= Adalbert Vitalyos =

French journalist and philatelist

Adalbert Vitalyos (10 July 1914 – 24 May 2000) was a French journalist born in Hungary. He was the creator of the philatelic magazine Le Monde des philatélistes.

==Early life==
Vitalyos was born 10 July 1914 in Szolnok, Hungary.

==France==
Arriving in France in 1929, he became French in 1932. In 1935, he became typographer/linotypist at the journal Le Temps.

Prisoner of war from 20 June 1940 to 1943, he returned to work in a printer of Temps, later working for Le Monde. He took part in the printing of the first issue, dated 19 December 1944.

In 1946, this stamp collector launched a weekly section in the magazine supplement of Une semaine dans le monde. With the disappearance of this supplement in 1948, this was, until 1986 integrated into Le Monde.

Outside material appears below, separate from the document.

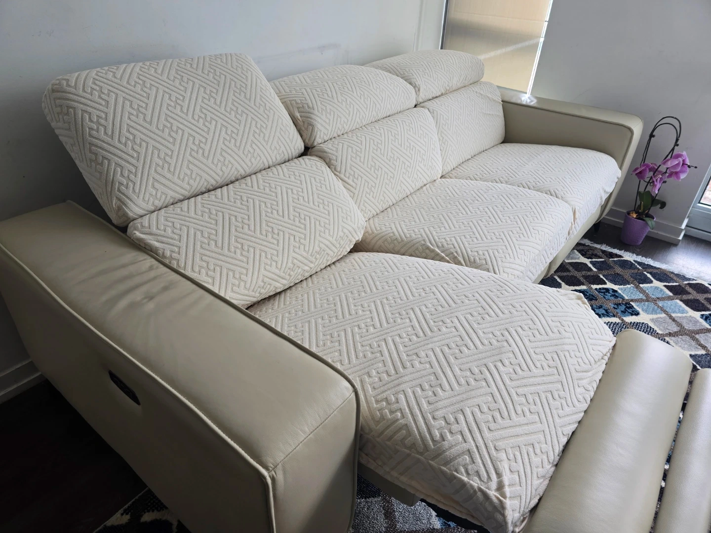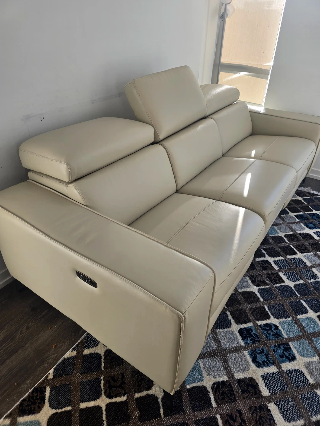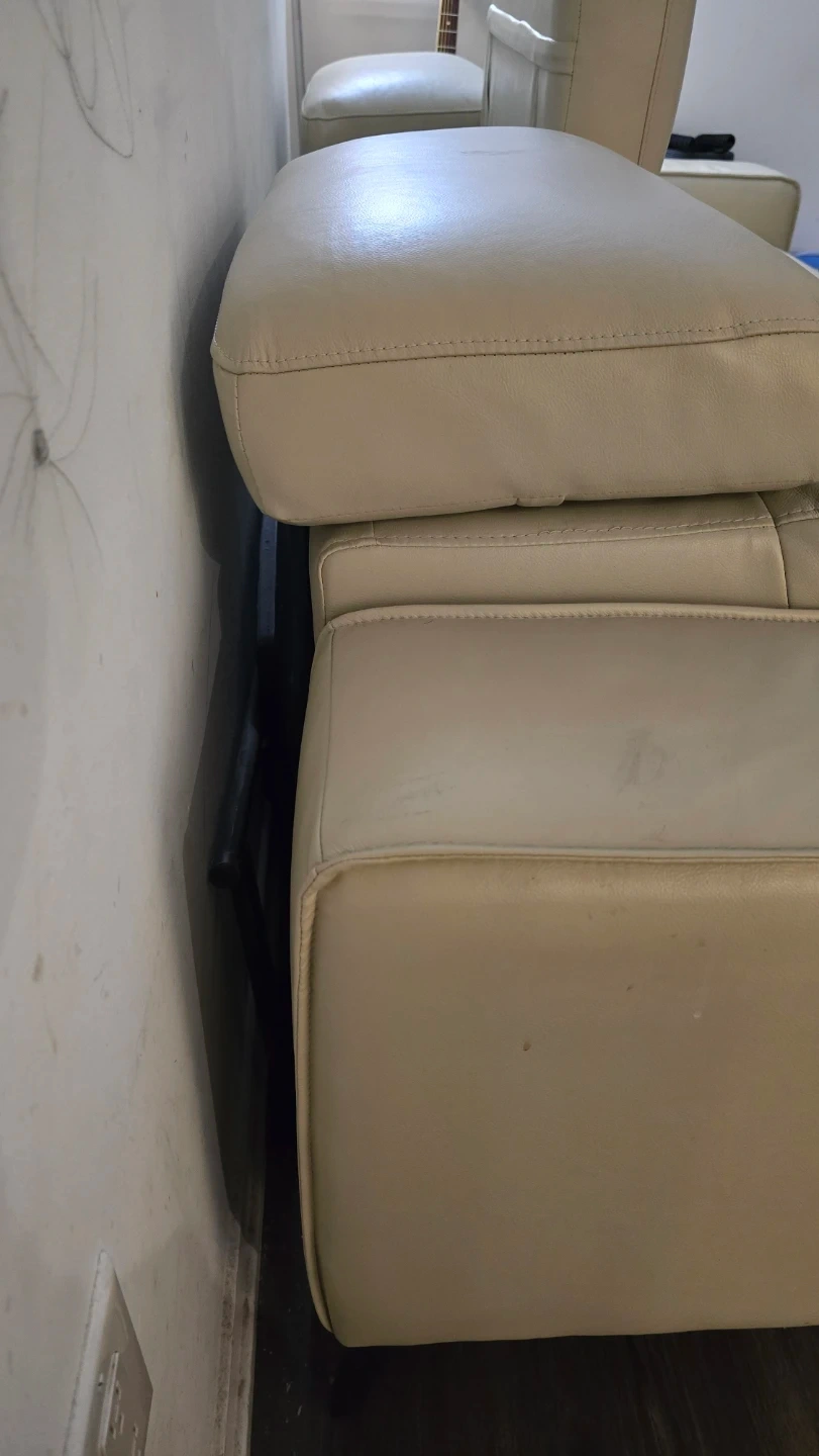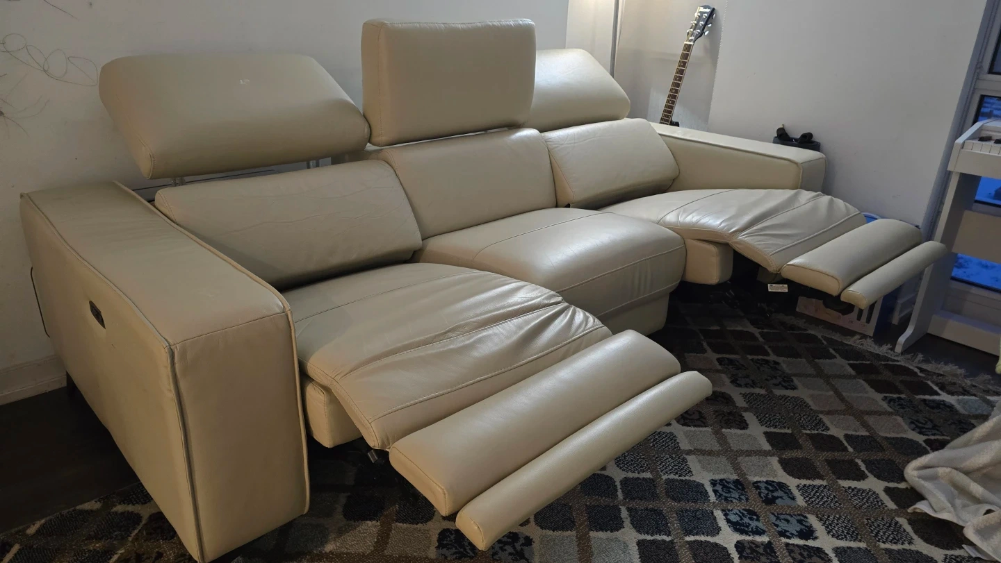 Selling a comfortable real beige leather reclining sectional sofa. It's in great shape and perfect for a living room or entertainment space. The reclining feature makes it extra relaxing for movie nights or just lounging around.

With the help of Hubert Beuve-Méry, he created Le Monde des philatélistes, a stamp collecting magazine, first issued 13 October 1951. He was editor in chief from October 1953 until June 1977.

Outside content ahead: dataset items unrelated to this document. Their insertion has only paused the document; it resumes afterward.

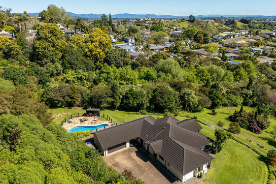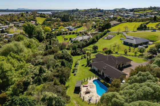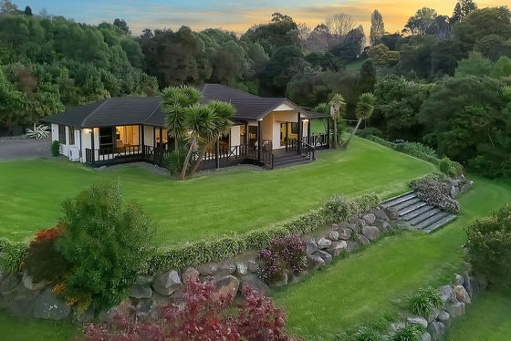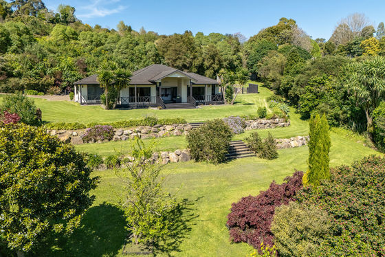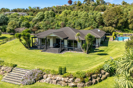 Tucked quietly down a tarsealed drive this substantial home enjoys a serene, semi-rural outlook with sweeping lawns, shrubs, some fruit trees, and a real sense of separation from life as we know it!
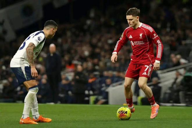 對陣熱刺的前20分鐘,看得出來斯洛特非常求穩(wěn),幾乎是丟失球權(quán)之后就全員退到本方半場進行陣地防守。熱刺最強的用球點是庫度斯,但他在邊路,陣眼位給了西蒙斯,但西蒙斯實在是有點菜,導(dǎo)致熱刺本身進攻也不那么好。
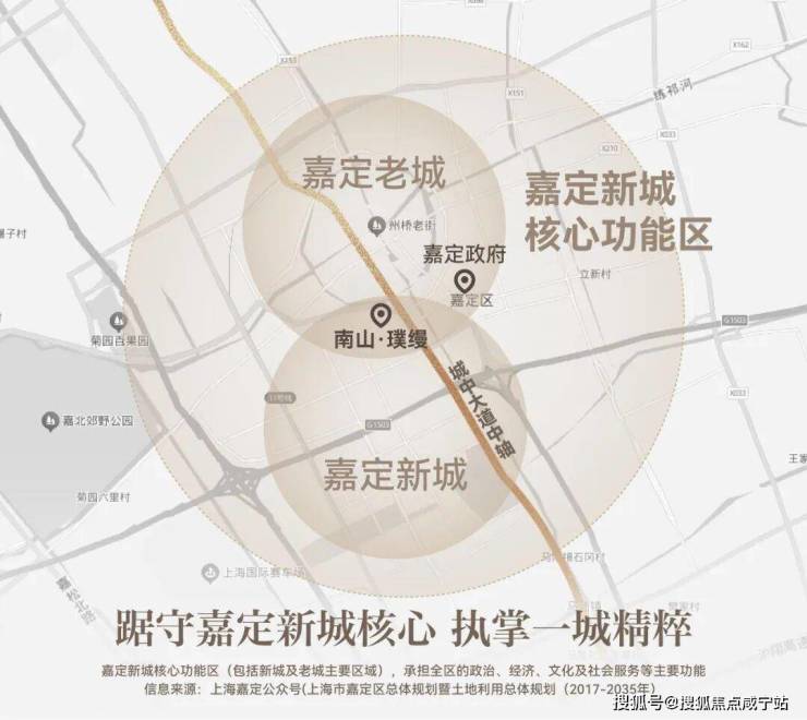 南山璞缦的占位,可以用四个字来概括:城市中轴!每一个伟大的板块,都有一条黄金主轴! 无论是巴黎的香榭丽舍大街,纽约中央公园,还是北京长安街、浦东的世纪大道...这些黄金主轴无一例外地集中了这座城市最顶配的产业资源、文化资源和交通资源,同时,也是这些世界名城的豪宅最为集中的地段!而在嘉定,主轴只有一条:城中路-沪宜公路-嘉闵高架组成的烫金主轴。

He was heavily involved in a philatelic press association, which joined another association in 1994 to form the Association de la presse philatélique francophone.

== Bibliography ==
- Jean-Claude Rouy, "Adalbert Vitalyos. Le cofondateur, avec Hubert Beuve-Méry, du Monde des philatélistes" [Adalbert Vitalyos. The cofounder, with Hubert Beuve-Méry, of Le Monde des philatélistes], obituary published in Le Monde, 17 June 2000.